I was working at home one afternoon when my aunt called to inform me that Charles had digitized the story he’d forced me to write about his time in Russia during the Second World War and uploaded it to several online websites dealing with the Holocaust. I told her I didn’t care what he did with something I’d written forty years earlier at his behest. Later, driven by perverse curiosity, I did a Google search that led to the sites where “The Vacation I Am Trying to Forget”* had been uploaded and which, as of 2019, can still be found online. The document was every bit as wretched and overwritten as when I’d first typed it back in high school. I was about to click away when I came to the section about the massacre at Vishnevo. Some sections had been updated, but the crucial parts remained intact.
I saw around 60 or 70 people standing in formation in the yard, some were fully dressed others had only pants. German SS and the police surrounded them. I could not get into the yard because of the activity that was taking place, so I waited across the street. After a few minutes, around twenty five more Jews carrying shovels and surrounded by guards marched up from the Ghetto and stopped on Vilna St. about fifty feet past the Gmina. The SS gave the order to move out and they marched out towards the street and made a right turn, joining the others wondering what was going on. So I followed behind at a distance. They marched past the Orthodox Church then made a right turn on the road where the Jewish cemetery was located.
I cut across the field and hid in an old first world war bunker across from the cemetery and waited. When the Jews arrived a few minutes later the Gestapo and police prodded the Jews towards the hole that had been dug previously. There were shouts, I could not hear very well what was being said, but I assume that they were ordered to line up in front of the holes. Some moved very slowly and reluctantly. Others were shoved towards the hole. A signal was given. The guns fired loudly piercing the still air.
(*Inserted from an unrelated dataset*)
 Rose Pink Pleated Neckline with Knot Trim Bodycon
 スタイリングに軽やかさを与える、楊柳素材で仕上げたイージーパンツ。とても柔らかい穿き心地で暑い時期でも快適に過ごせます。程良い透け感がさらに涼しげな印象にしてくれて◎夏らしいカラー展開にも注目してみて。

The prisoners slowly slumped and fell into the open holes.
From the bunker where I was hiding I could plainly see that some were still alive but already they had a crew ready to cover them up with dirt to smother and die.
The document also contained his account of the day that Sophia was warned by neighbors to leave the area or risk being killed as collaborators: “The Partisans felt that my mother was a collaborator because she worked at the station cooking for the Germans.” Even as a kid I never understood this part. Plenty of innocent civilians—Jews and Gentiles alike—were forced by the Germans to work at factories and farms but weren’t considered collaborators because saying no usually ended in being shot. Collaborators chose to work with the Nazis of their own free will. Why would Charles’s family be considered collaborators if they had no other choice?
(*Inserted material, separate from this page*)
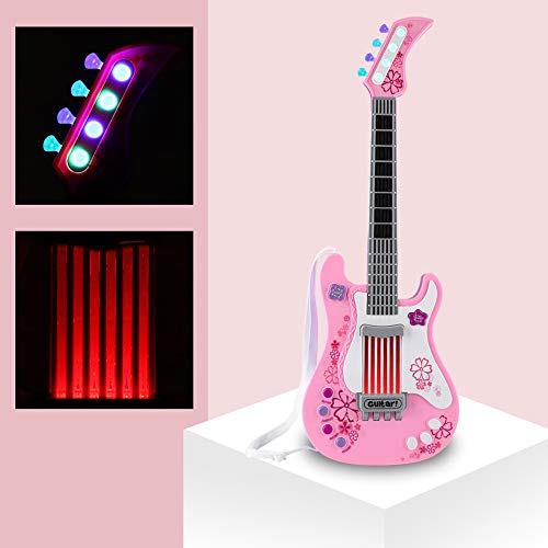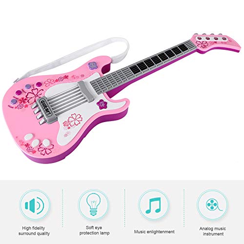 VGEBY1 Chitarra Giocattolo, Multi-Funzionale Giocattolo per Chitarra Basso con Luce per Bambini Bambino (Rosa)
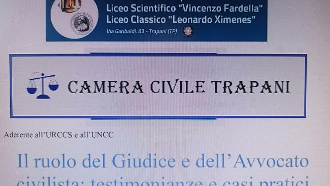 Oggi alle 11:00, presso l'Aula Magna del Liceo “Fardella-Ximenes” a Palazzo Riccio di San Gioacchino in via Turretta a Trapani, si terrà il convegno “Il ruolo del Giudice e dell'Avvocato civilista: testimonianze e casi pratici”. L'evento è organizzato dalla Camera Civile del Tribunale di Trapani nell'ambito delle manifestazioni per la Giornata Europea della Giustizia. Ad aprire i lavori saranno il Dirigente Scolastico dell'Istituto ospitante Filippo De Vincenzi e la Presidente della Sezione Civile del Tribunale di Trapani Daniela Galazzi. Interverranno il Giudice Carlo Salvatore Hamel, l'Avvocato Alberto Lo Giudice e l'Avvocato Federica Magaddino che, inoltre, modererà l'incontro.

Then I remembered my father’s description of the young Jewish girls who worked for Sophia as little more than slave labor. Not with her, for her, implying that she was in charge. And there was the matter of the German uniform made for Charles by the soldiers he considered his friends. He’d kept that uniform in pristine condition for the rest of his life, despite telling the rest of the family that he had destroyed it, a clear indication that it held great significance for him.
What if the threat from partisans wasn’t based on a misunderstanding? What if they were collaborators? There’s nothing like parading around in your own custom-made Nazi uniform to give the locals the impression that you just might be on the wrong side of history. It would also explain why my grandmother became nervous whenever anyone talked about their relationship with the Germans who ran the train station, insisting that they had only casual contact with them, and no contact of any kind with the SS officers who regularly came through on their way to eliminate “undesirables.” She always characterized their condition as one of subservience, doing hard labor under difficult circumstances, and said they were never allowed to stray far from the station. To hear her tell it they were little more than prisoners, dressed and fed poorly.
But that description contradicted the photos that had been on display in her house all the years I was growing up, pictures that showed my grandmother wearing expensive clothes and shoes, walking arm in arm with German officers as they shopped together. Had I spent so much time ignoring her photos and shrugging off my father’s old stories that I hadn’t paid proper attention to what was right in front of me the whole time?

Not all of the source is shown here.